Woman with headphones onWe have written in the past about patents in the entertainment field, such as one received by the entertainer Michael Jackson for a shoe for his moonwalking. Patents in the entertainment field can also be directed to devices related to musical instruments, such as tuners or supports, or even new ways of recording. But as the Internet and mobile devices have become more prolific, uses of the Internet and mobile devices lend themselves to new entertainment-related ideas and implementations. Generally, these ideas and implementations have been related to music artists, but these technological developments lend themselves to improvements for fans as well.
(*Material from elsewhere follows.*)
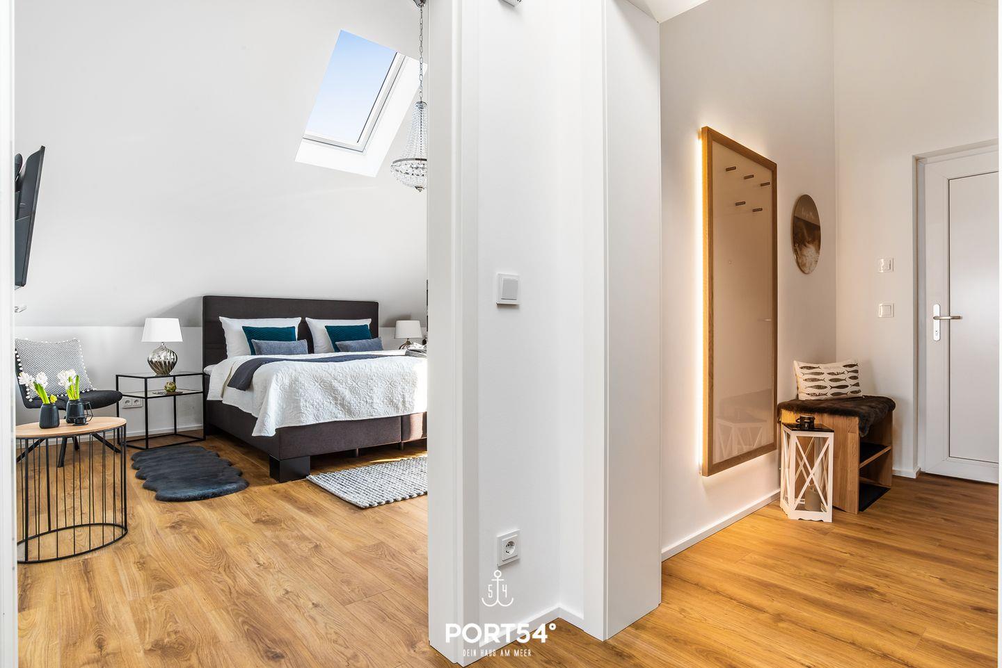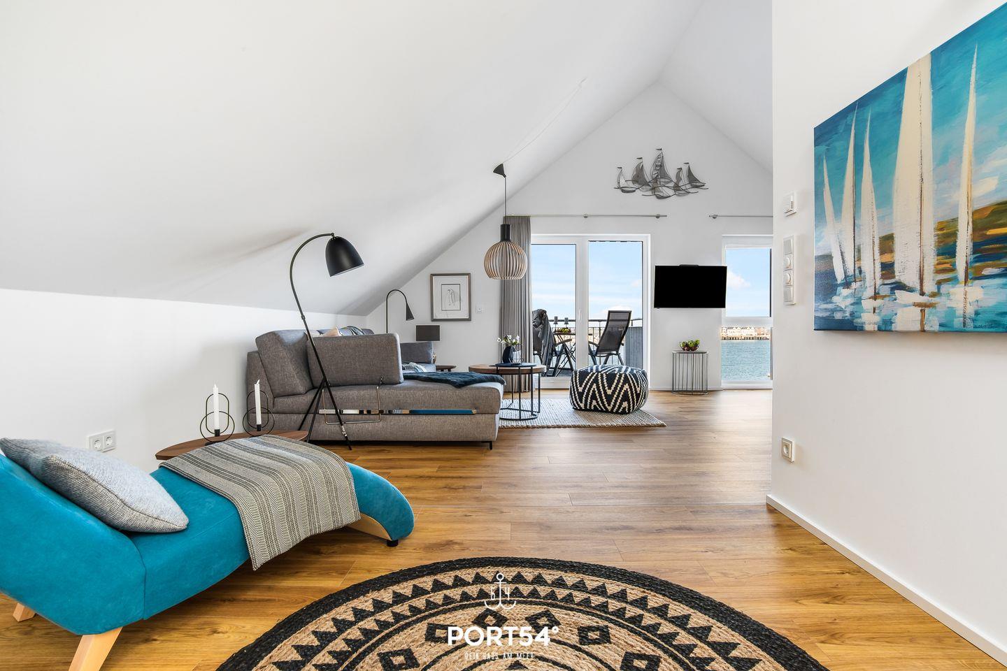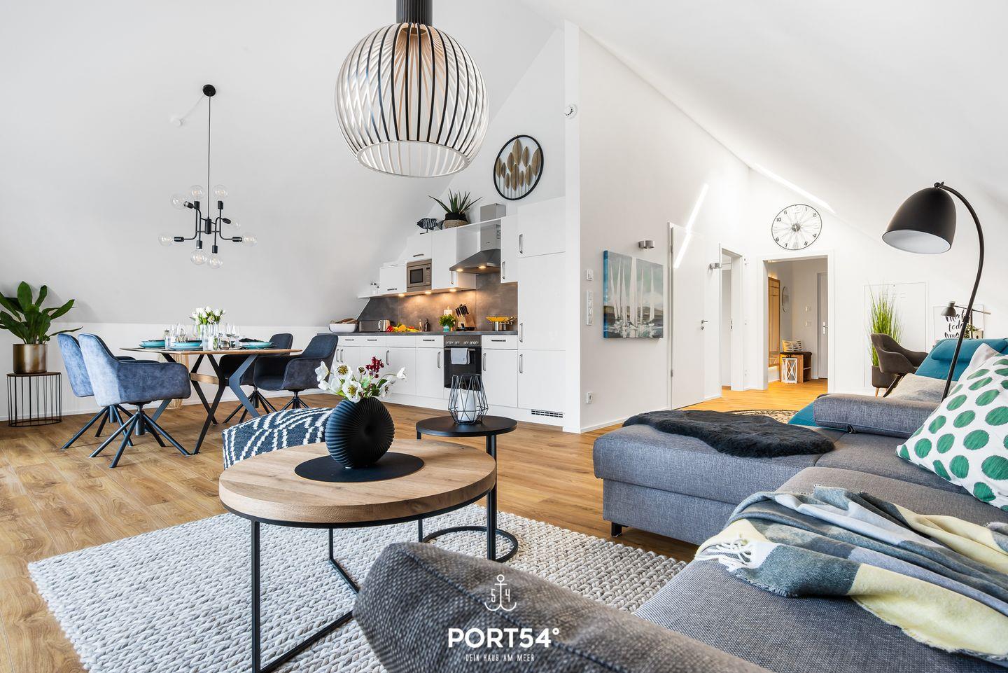 Freuen Sie sich auf diese sehr schicke Ferienwohnung im skandinavischen Stil - Urlaub pur! Auf knapp 80m² bietet Ihnen die im 3. Obergeschoss gelegene Ferienwohnung ein Schlafzimmer mit Doppelbett, einen offenen Wohn-/Essbereich, eine Küche & ein gemütliches Schlafsofa. Das großzügige Badezimmer verfügt über eine ebenerdige Dusche. Das Highlight ist der Balkon mit Wasserblick, auf dem Sie die Sonnenaufgänge genießen können. Ein kostenfreier Parkplatz befindet sich vor dem Haus.

Recently, a patent was granted for a method of creating a playlist. U.S. Patent No. 8,930,354 was granted to James Lewin for a method being deployed by FreqSho LLC, a company Mr. Lewin founded to develop and ultimately commercialize the FreqSho® music discovery and entertainment service he created. One feature of the FreqSho® service allows users to find video and audio content for particular music artists, at least some of whom have recordings available on the Internet, and organize this content into playlists. The content ranges from professional recordings to various types of fan recordings of public performances by the artist. As videos and music tracks are posted to the Internet by the artists or by their fans, some of this content becomes available to all fans via FreqSho® playlists.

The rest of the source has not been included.